- _Description of the task_
Give back exactly the lines that run from the beginning of the entries to the line containing "Tento dvouvrstvý spoiler", both included, and nothing else.

- _Supplied entries_
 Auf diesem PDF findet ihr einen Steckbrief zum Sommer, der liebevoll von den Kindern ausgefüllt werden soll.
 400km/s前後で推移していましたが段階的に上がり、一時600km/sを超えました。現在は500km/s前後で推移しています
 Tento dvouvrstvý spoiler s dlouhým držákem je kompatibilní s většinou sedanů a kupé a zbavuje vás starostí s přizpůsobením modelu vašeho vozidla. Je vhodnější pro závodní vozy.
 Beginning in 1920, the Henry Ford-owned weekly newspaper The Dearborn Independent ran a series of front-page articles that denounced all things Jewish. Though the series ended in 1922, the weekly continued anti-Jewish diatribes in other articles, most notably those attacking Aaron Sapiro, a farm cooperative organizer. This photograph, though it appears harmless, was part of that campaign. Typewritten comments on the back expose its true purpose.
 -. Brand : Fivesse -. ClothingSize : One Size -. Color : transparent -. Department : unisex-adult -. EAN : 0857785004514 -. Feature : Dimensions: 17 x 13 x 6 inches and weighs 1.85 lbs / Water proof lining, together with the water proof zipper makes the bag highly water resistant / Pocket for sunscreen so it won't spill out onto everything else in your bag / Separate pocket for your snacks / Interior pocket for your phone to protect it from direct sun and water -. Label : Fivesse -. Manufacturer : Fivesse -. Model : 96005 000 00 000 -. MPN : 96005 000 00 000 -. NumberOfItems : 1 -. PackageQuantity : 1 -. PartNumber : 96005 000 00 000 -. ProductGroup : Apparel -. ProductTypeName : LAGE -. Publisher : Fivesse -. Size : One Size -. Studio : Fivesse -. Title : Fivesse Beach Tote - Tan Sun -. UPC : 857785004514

- _Solution for this problem_
 Auf diesem PDF findet ihr einen Steckbrief zum Sommer, der liebevoll von den Kindern ausgefüllt werden soll.
 400km/s前後で推移していましたが段階的に上がり、一時600km/sを超えました。現在は500km/s前後で推移しています
 Tento dvouvrstvý spoiler s dlouhým držákem je kompatibilní s většinou sedanů a kupé a zbavuje vás starostí s přizpůsobením modelu vašeho vozidla. Je vhodnější pro závodní vozy.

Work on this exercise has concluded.